Additionally, the PPP is a stimulus, but not a survival plan for small business, and makes it challenging for businesses involved in a bankruptcy case to get PPP funds, which in many ways is counterintuitive, according to courts and scholars. Likewise, certain PPP parameters hurt various types of businesses. For example, many heavy cash-flow businesses, which rely on consistent revenues and high occupancy rates to maintain their payrolls, like restaurants, are not operational now. But, in order to have the PPP loans forgiven, they must still spend 75% of the funds on payroll and 25% on fixed expenses, within eight weeks, which makes no sense with no customers or regular business expenses.

All of this is especially devastating because financially struggling consumers already lost more in this pandemic. Nearly 40% of U.S. households making less than $40,000 per year suffered at least one job loss during March, in comparison to 19% of households making between $40,000 and $100,000, and 13% of households making more than $100,000 per year. As Fed chair Jerome Powell explained, the U.S. is in the middle of the “biggest shock our economy has felt in modern times” and potentially facing an “extended period” of weakness. Powell pled for additional fiscal support as the crisis unfolds. Although it would be costly, Powell argued that such fiscal support is worth it if it helps the country “avoid long-term economic damage and leaves us with a stronger recovery.” In stark contrast, President Trump was less sure about needing more economic stimulus, saying “I don’t know it depends,” when asked about the plan.  

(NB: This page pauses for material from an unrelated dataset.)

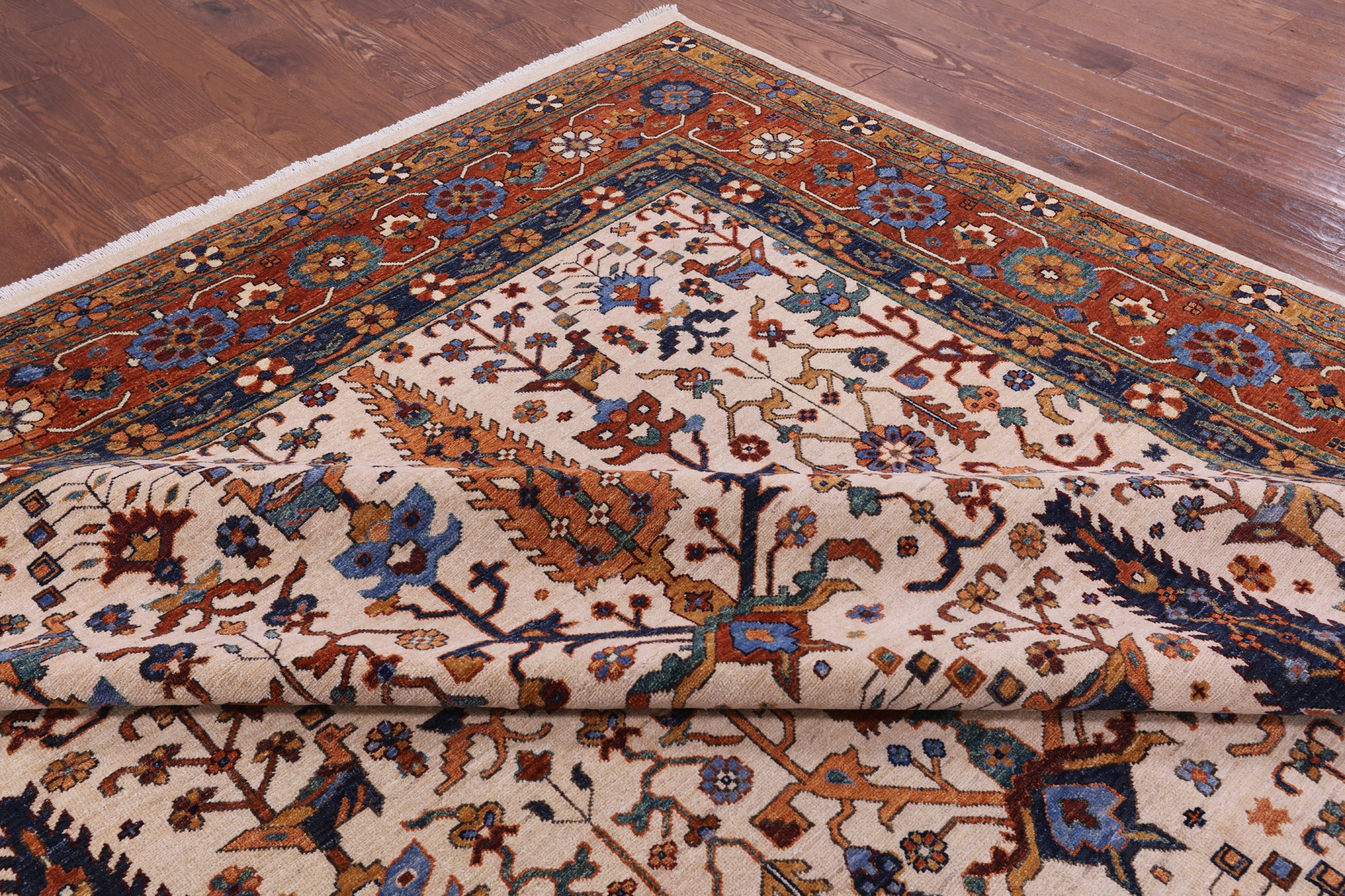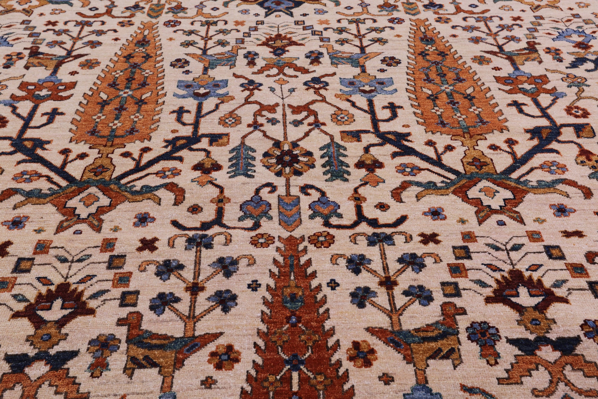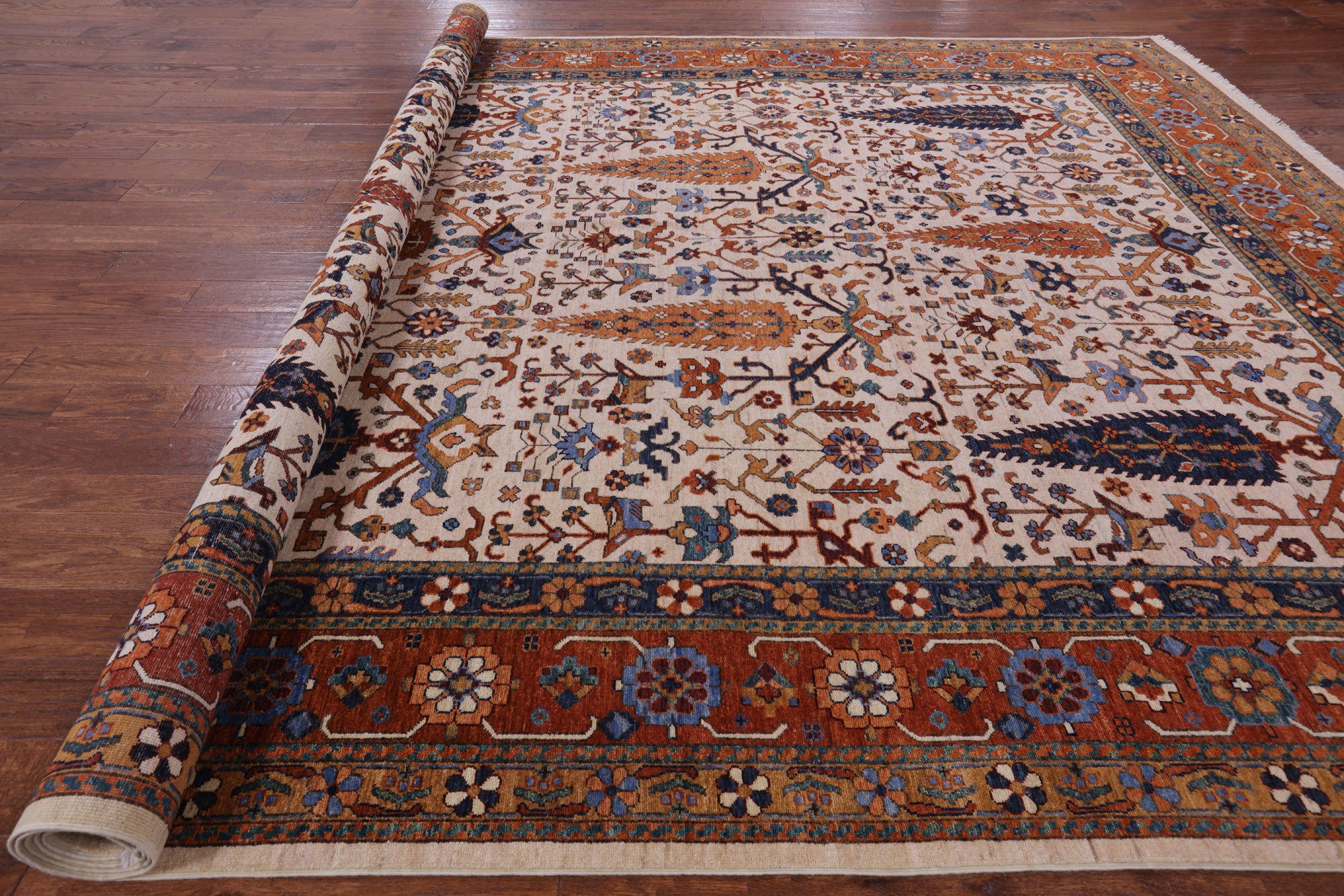 Ivory Cypress Tree Hand Knotted Wool Rug - 10' 0" X 14' 1"

One thing is for sure—a wave of bankruptcies is headed the courts’ way. That wave is coming whether or not there is more stimulus. Commentators are already planning how to ease the burden on swamped bankruptcy courts, and streamline bankruptcy to get the process done rapidly and inexpensively. Bankruptcy is important – Chapter 11 complements the stimulus policies for large entities (however, discharging debts, which is consumer bankruptcy law’s main goal, is probably not what many consumers currently need). The alternative is to delay bankruptcy long enough so that harsh decisions could be made in an economic environment that offers more certainty and predictability.

The U.S. had the advantage of being hit a bit later than other countries by the coronavirus. That extra time could have and should have given the country the ability to avoid a free fall scenario, by preplanning, prearranging and prenegotiating whatever it could to address the impending public health and economic crises. It could have even given the U.S. the “priceless chance to copy best practices and avoid the mistakes of others.”

The way the U.S. addressed this crisis was clearly not prepacked. Nor was it prenegotiated. Instead, it has been a total free fall approach.   Lives were lost because the government did not purchase needed medical supplies, refused to ramp up production of PPE, and failed to instruct earlier about social distancing. Livelihoods were lost because the government did not devise a policy framework to better mitigate the economic impact of COVID-19.  But all is not lost. We can still try to carefully design an effective public-health and economic plan, and coordinate ways to strengthen the global economic response to COVID-19.  Such plans will also serve us well in addressing the health, economic and mental crises if and when we are hit by second waves of the virus outbreak. And, much like financial restructuring lawyers do, we should use lessons learned in other places and cases, to coordinate policies to fight the virus while successfully reopening our economy and supporting its speedy recovery.